Изменить стиль страницы

Мы остались одни. Ночью никто из конвойных в этапную избу не явился. Стало светать. Пора было ехать, перегон предстоял большой, из конвойных никто не показывался. Мы прождали их ещё часа полтора, не дождавшись, пошли искать по посаду; бродили долго, расспрашивали встречных, не видали ли где солдат; нам отвечали: не довелось. Дошли до конца посада, остановили бабу с рыхлым, ноздреватым носом.

На вопрос о «солдатиках» баба, сильно окая, ответила:

— Встречать не встречала. Только где же им быть, как не у Марьяшки. У ней они, — негде им больше быть. Вон на краю изба стоит справа, туда и сходите.

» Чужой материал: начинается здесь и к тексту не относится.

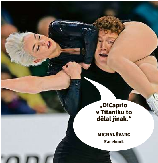
„DiCaprio v Titaniku to dělal jinak.“ MICHAL ŠVARC Facebook

Napište bublinu a reagujte na sloupek na: www.facebook.com/denikmetro
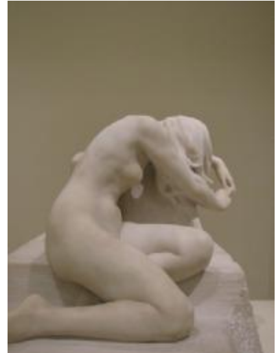
Josep Llimona: Desconsol (perfil) (MNAC)
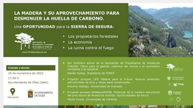
Fig 14. Portada de la presentación en Siles del proyecto de desarrollo económico para la comarca

El Ayuntamiento de Siles ha acogido este viernes una jornada que, bajo el título ' La madera y su aprovechamiento para disminuir la huella de carbono: una oportunidad para la Sierra de Segura ', presentó a propietarios forestales y otros agentes sociales y económicos un proyecto de desarrollo sostenible para esta comarca, que abarca municipios de las provincias de Jaén y Granada.
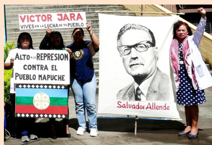
La vida y el legado de Salvador Allende fue recordado este jueves, en la Plaza que lleva su nombre frente a la Facultad de Medicina de la UES.

Justo al pie del monumento, en la Plaza que lleva su nombre frente a la Facultad
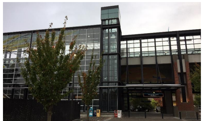
Nhà ga đường sắt nhẹ Mt Baker Light Rail

quan tập trung vào Lập kế hoạch Khu vực Ga Mt Baker để xác định các hành động khả thi và hữu hình điều phối các hoạt động đầu tư theo cách đáp ứng tốt nhất tầm nhìn của cộng đồng. Quy trình này đang được Văn phòng Lập kế hoạch và Phát triển Cộng đồng dẫn dắt.
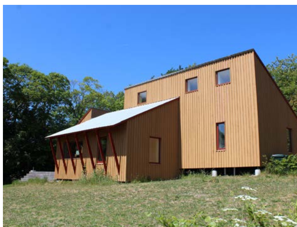
Dette hus er tilpasset omgivelserne i Vallekilde ved at bruge de samme materialer og farver, som forskellige bygninger i området, blandt andet øvelseshuset på billedet til venstre. Arkitekt Arcgency, opført i 2020
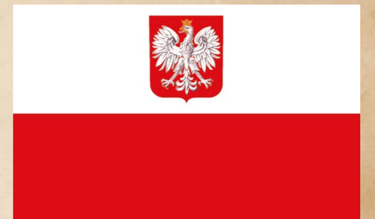
Flaga państwowa z herbem RP

Ustawa z 2004 r. ustanowiła też dzień 2 maja „Dniem Flagi Rzeczypospolitej Polskiej”, z tym, że nie jest to święto, z którym łączy się dzień wolny od pracy 46 . Do najważniejszych intencji, które przyświecały idei ustanowienia Dnia Flagi Polskiej, należy potrzeba uzupełnienia dość skąpej wiedzy naszego społeczeństwa na temat historii symboli ojczystych. Dzień Flagi w założeniu ma mieć charakter edukacyjny i ma służyć propagowaniu polskich symboli państwowych
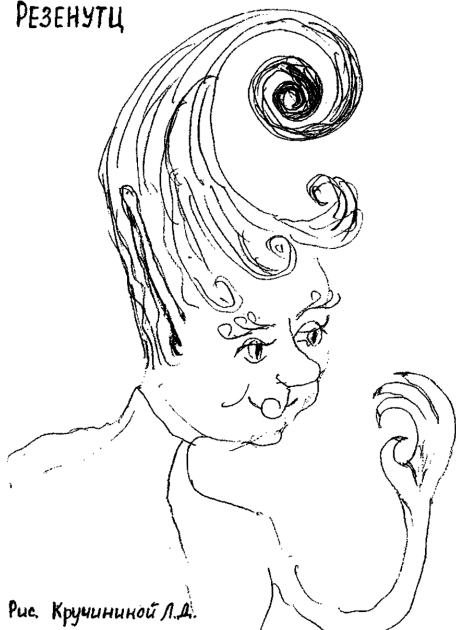
Рис. Кручининой Л.А.

на полы. Там, где я эволюционировал с 1- мерного пространства, не такие были Законы. Ваша Космическая Иерархия Светлых Сил – самая выдающаяся в Космосе и широко известна. Они для нас учителя, как академики. По силе Сердца нет им равных. Световые Иерархии есть разных типов. Из ваших книг известно вам, что есть эволюционирующие ветви 4-х стихий: Огонь, Вода, Земля и Воздух. Ваше человечество относится к стихии Воды – эмоциональной и сердечной (вся гуманоидная ветвь к ней относится) и ваша Иерархия вышла из них (вас) же. Я отношусь к Огненной ветви – где преобладающим качеством является Творческий Огонь. Творец един, Любовь едина, она первооснова и каркас всего, но поверх наложения разные бывают. На 1-м месте у огненных ветвей не Сердце, а Творческий Огонь – азарт творения и горит он так же в груди у нас, где у вас сердце. Посмотрите на описание 4-х типов стихий, которые дает вам астрология ваша. «Как вверху, так и внизу» – это общий Закон Космоса, но опять относительно. Итак, у Огненных ветвей другая Иерархия. И я хотел бы продолжать эволюцию в более высокие своих мирах. Дорогая Маша, спасибо за то, что не отказалась принять мою информацию. Я тоже посылаю тебе Любовь и прошу разрешения иногда выходить с тобой на контакт и общаться.

Изба с осевшими углами, с покривившейся, сползающей крышей выглядела значительно хуже соседских. Мы постучали в дверь. Никто не отозвался на стук. Нам пришлось долго щёлкать щеколдой, бить кулаками, ногами, звякать в оконце. Открыл дверь Нефёдов. Он посмотрел на нас заспанным, мутным взглядом, ни слова не сказав, ушёл обратно в избу. В полутёмной просторной избе на лавках валялись наши конвойные, неистово храпя. На столе стояли пустые бутылки из-под водки, тарелки с остатками селёдки, трески, которая нестерпимо пахла тухлыми яйцами и рыбьим жиром. К этим запахам примешивался винный перегар и ножной пот. От такой потрясающей смеси нос Кучукова сразу взмокнул, набух и стал малиновым. Селезнёва мы нашли за пологом на кровати. Рядом с ним, выставив голые и круглые пятки, лежала полураздетая женщина. Она-то, по-видимому, и была Марьяшка. Селезнёв спал на спине, раскинув ноги и руки, будто силясь с удивлением что-то припомнить. Мы разбудили его не без усилий.

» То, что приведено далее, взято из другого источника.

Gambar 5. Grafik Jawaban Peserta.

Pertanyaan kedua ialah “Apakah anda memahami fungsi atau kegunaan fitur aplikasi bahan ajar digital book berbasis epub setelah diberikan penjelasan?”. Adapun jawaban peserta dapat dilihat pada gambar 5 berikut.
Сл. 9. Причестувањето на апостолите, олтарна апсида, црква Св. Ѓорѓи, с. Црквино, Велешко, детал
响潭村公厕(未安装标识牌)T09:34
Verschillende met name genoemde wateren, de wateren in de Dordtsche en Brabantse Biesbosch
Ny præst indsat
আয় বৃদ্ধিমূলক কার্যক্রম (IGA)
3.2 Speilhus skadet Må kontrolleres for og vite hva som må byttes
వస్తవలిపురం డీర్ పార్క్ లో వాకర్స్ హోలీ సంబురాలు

— Селезнёв, — сказал я ему, — пора ехать. Ещё не выправлена подорожная, а время близится к полудню.

Селезнёв смотрел на нас несколько мгновений совершенно очумелым взглядом, не шевелясь, потом разом сел, уставился на свои разутые ноги с кривыми пальцами и синими ногтями, остервенело почесал бок, затылок, после чего на него напала величайшая распорядительность.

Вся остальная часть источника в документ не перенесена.